Nörobilim Psikoterapi Modus Operandi'yi Açıklamak İçin
Psikolojik bakımdaki muazzam ilerlemelere rağmen, araştırmacılar, psikoterapinin beyni etkilediği ve bir kişinin durumunu iyileştirdiği mekanizma konusunda hala belirsizdir.
Kaliforniya Üniversitesi, Los Angeles (UCLA) psikoloji profesörü Michelle Craske ve meslektaşları tarafından yapılan yeni bir çalışma olarak bu bilgi boşluğu daralabilir ve meslektaşları, psikoterapinin fayda sağladığı operasyonel yolu keşfetmeye çalışıyor.
Depresyon, şizofreni, travma sonrası stres bozukluğu, obsesif-kompulsif bozukluk ve yeme bozuklukları gibi ruh sağlığı bozuklukları dünya genelinde dört kişiden birini etkilediğinden, sorun dikkat çekicidir.
Craske, Cambridge Üniversitesi profesörü Emily Holmes ve Massachusetts Teknoloji Enstitüsü profesörü Ann Graybiel tarafından yapılan bir araştırmaya göre, psikolojik tedaviler "bu tür birçok durumu ele almak için en güçlü kanıt temelini taşıyor", ancak iyileştirilmeleri gerekiyor.
Makaleleri dergide çevrimiçi olarak bulunur Doğa.
Yaşam bilimcileri, bipolar bozukluk gibi bazı durumlar için psikolojik tedavilerin etkili olmadığını veya henüz emekleme döneminde olduğunu ve sinirbilimciler ile klinik bilim adamları arasındaki bir “kültür boşluğunun” akıl sağlığı tedavilerinin ilerlemesini engellediğini bildirdi.
Yazarlar, her iki disiplinden bilim insanlarını psikolojik bozuklukların anlaşılmasını ve tedavisini ilerletmek için birlikte çalışmaya çağırıyor.
Psikolojik tedavilerin, sinirbilimin duyguları ve davranışları anlamada yaptığı dramatik ilerlemelerden çok fazla yararlanmadığını söylüyorlar.
UCLA Koleji'nde öğretim üyesi olan Craske ve meslektaşları, bunun nedeni, nörobilimcilerin ve klinik bilim adamlarının "nadiren karşılaşmaları, nadiren birlikte çalışmaları, farklı dergiler okumaları ve birbirlerinin ihtiyaçlarını ve keşiflerini nispeten az bilmeleri" olabilir.

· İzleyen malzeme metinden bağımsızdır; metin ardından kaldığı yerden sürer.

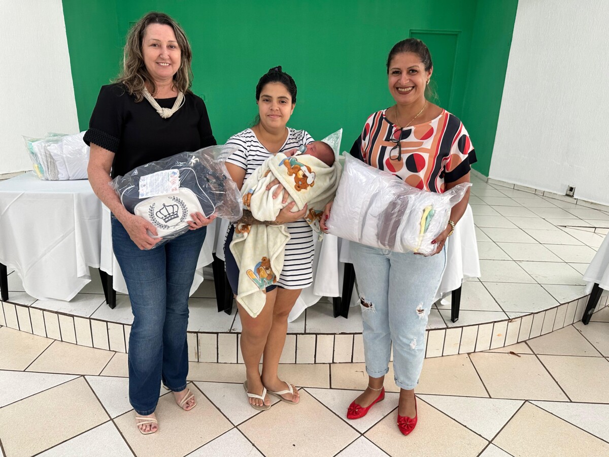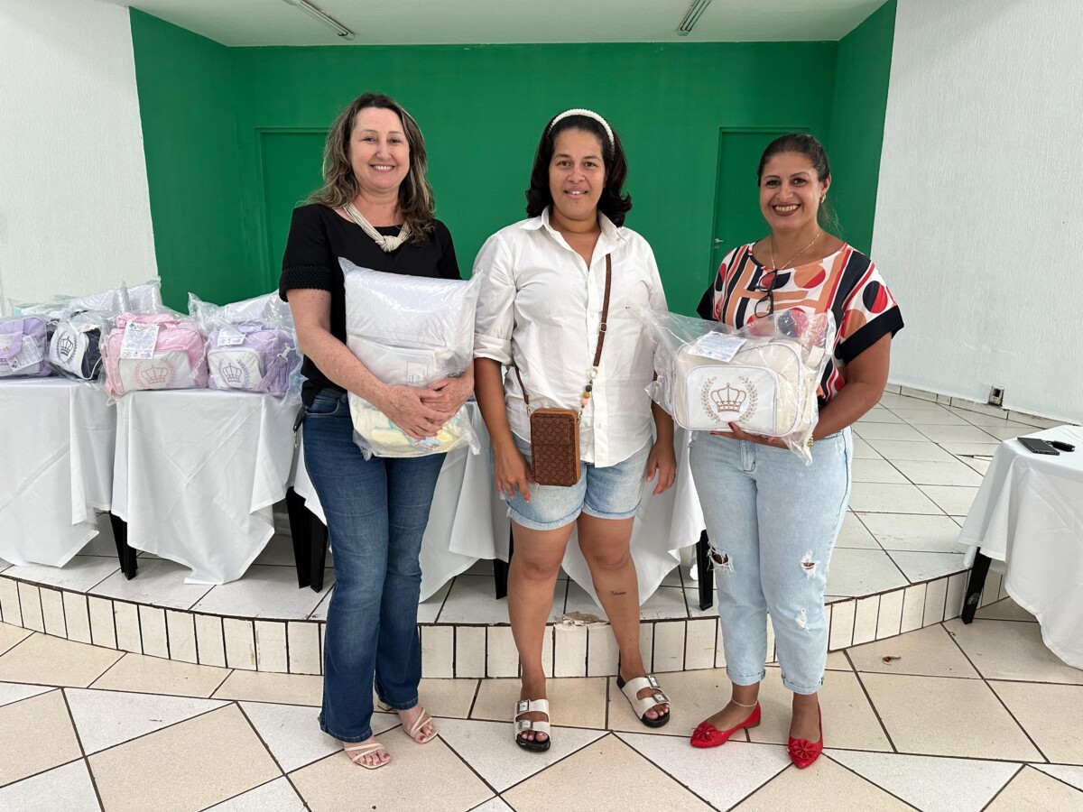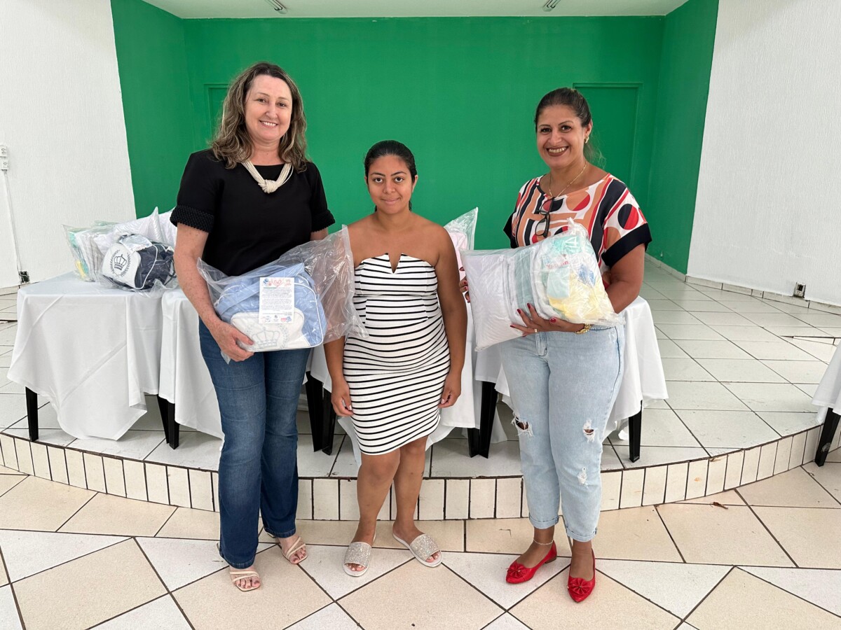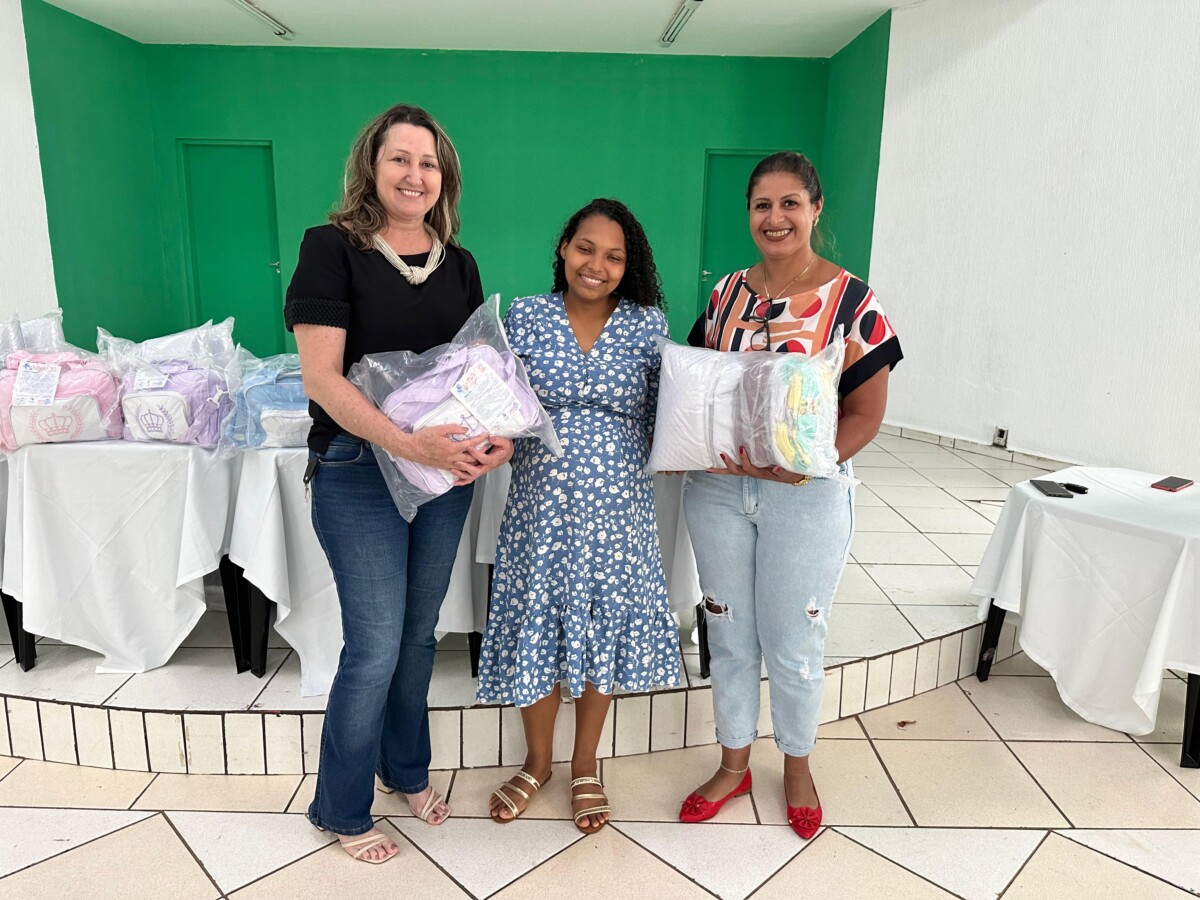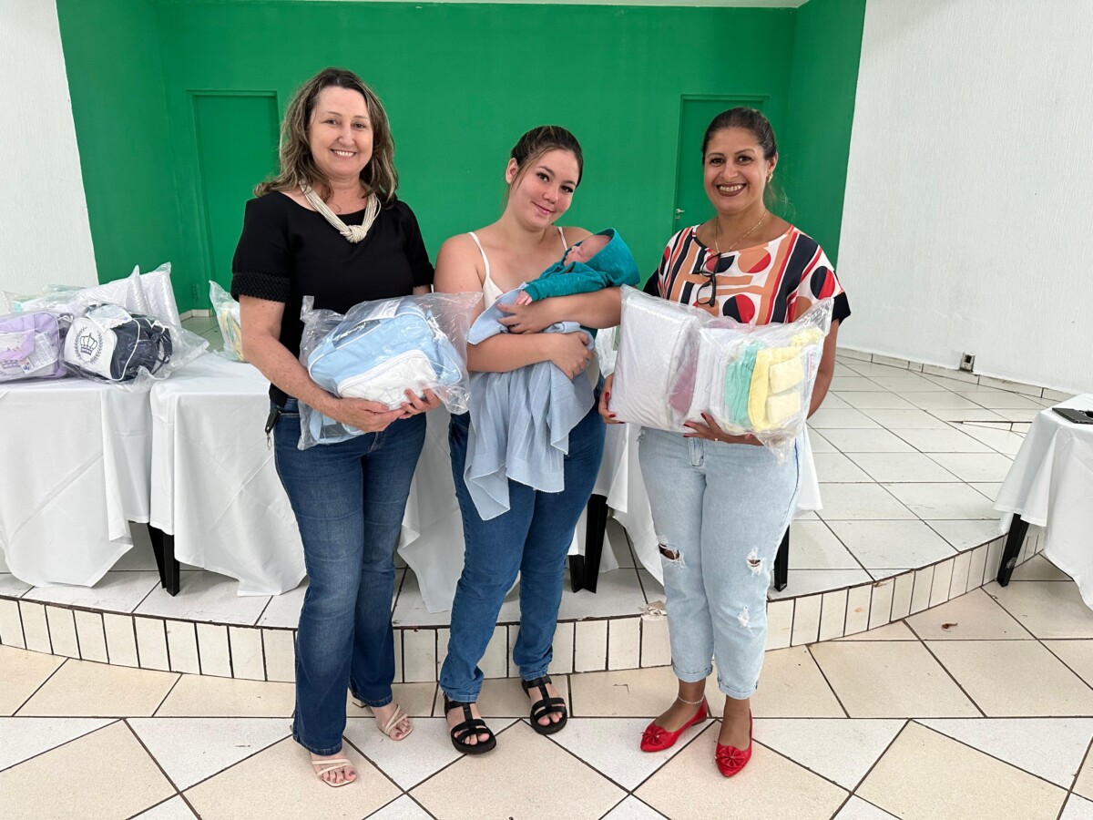 A Prefeitura Municipal, por meio da Secretaria de Saúde, Secretaria de Desenvolvimento Social e Fundo Social de Solidariedade, realizou na última quinta-feira, 25 de janeiro, no Centro Múltiplo do Idoso, a entrega de 15 kits de enxoval para as participantes do Grupo de Gestantes da edição do segundo semestre de 2023. Cada kit contém itens essenciais para os primeiros meses do bebê, tais como roupinhas para o recém-nascido, toalhinha de banho e fraldas.

Yazarlar, kültür boşluğunu kapatmak için adımları savunuyorlar. İlk olarak, mevcut psikolojik tedavilerin mekanizmalarını ortaya çıkarın.
Fobiler ve anksiyete bozuklukları için maruz kalma terapisi adı verilen çok etkili bir davranış tekniği olduğunu belirtiyorlar; hastalar korktuklarının düşündükleri kadar zararlı olmadığını öğrenirler ve korkularının nesnesinin tekrar tekrar varlığıyla korkuları büyük ölçüde azalır.
İkincisi, makale, sinirbilimin işlevsiz davranışı hafifletebilecek "eşi görülmemiş" içgörüler sağladığını belirtir - uygulayıcılar bu içgörüleri yeni ve geliştirilmiş psikolojik tedaviler oluşturmak için kullanabilir.
Üçüncüsü, yazarlar, yeni nesil klinik bilim adamları ve sinirbilimcilerin birlikte daha yakın çalışmaları gerektiğini vurguluyor. Her iki disiplinin faydalarını birleştirmek için “akıl sağlığı bilimi” adını verdikleri yeni bir şemsiye disiplin önermektedirler.
"Muazzam bir vaat var" sonucuna vardılar.
"Psikolojik tedaviler pek çokları için bir yaşam çizgisidir ve çok daha fazlası için olabilir."